● **EXERCISE PROMPT**: Please repeat exactly the lines below from the line with "The galley and" to the line with "Solve them all!", including both, and leave out every picture.

● **DATA BELOW**:
Segment Open
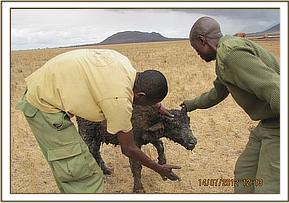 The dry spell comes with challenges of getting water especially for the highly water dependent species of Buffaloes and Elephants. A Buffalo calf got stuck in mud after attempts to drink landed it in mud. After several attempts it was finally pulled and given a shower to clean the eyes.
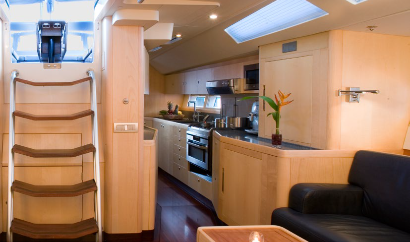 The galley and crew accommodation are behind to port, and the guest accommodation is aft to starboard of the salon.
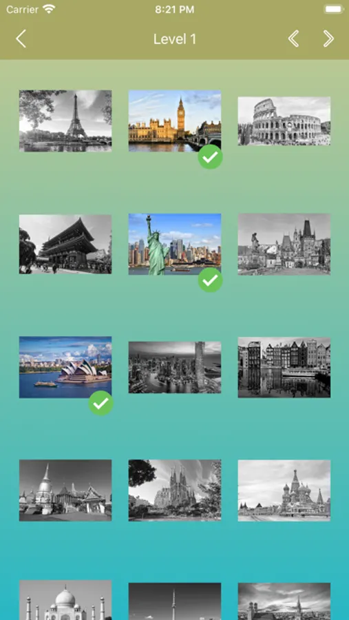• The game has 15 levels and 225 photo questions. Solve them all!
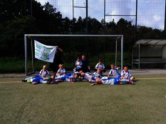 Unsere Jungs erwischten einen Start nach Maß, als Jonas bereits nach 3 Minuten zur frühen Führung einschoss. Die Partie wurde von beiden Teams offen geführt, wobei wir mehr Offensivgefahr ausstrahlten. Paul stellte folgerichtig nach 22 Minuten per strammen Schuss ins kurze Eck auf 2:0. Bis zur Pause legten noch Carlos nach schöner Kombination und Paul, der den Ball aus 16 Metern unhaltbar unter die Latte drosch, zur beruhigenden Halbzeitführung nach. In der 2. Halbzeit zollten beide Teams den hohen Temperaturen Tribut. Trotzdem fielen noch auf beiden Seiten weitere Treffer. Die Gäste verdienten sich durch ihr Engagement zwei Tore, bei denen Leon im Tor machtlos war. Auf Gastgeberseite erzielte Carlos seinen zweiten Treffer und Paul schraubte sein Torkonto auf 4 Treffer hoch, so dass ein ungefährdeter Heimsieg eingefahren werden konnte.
Segment Closed
● **THE COMPLETED TASK**:
 The galley and crew accommodation are behind to port, and the guest accommodation is aft to starboard of the salon.
• The game has 15 levels and 225 photo questions. Solve them all!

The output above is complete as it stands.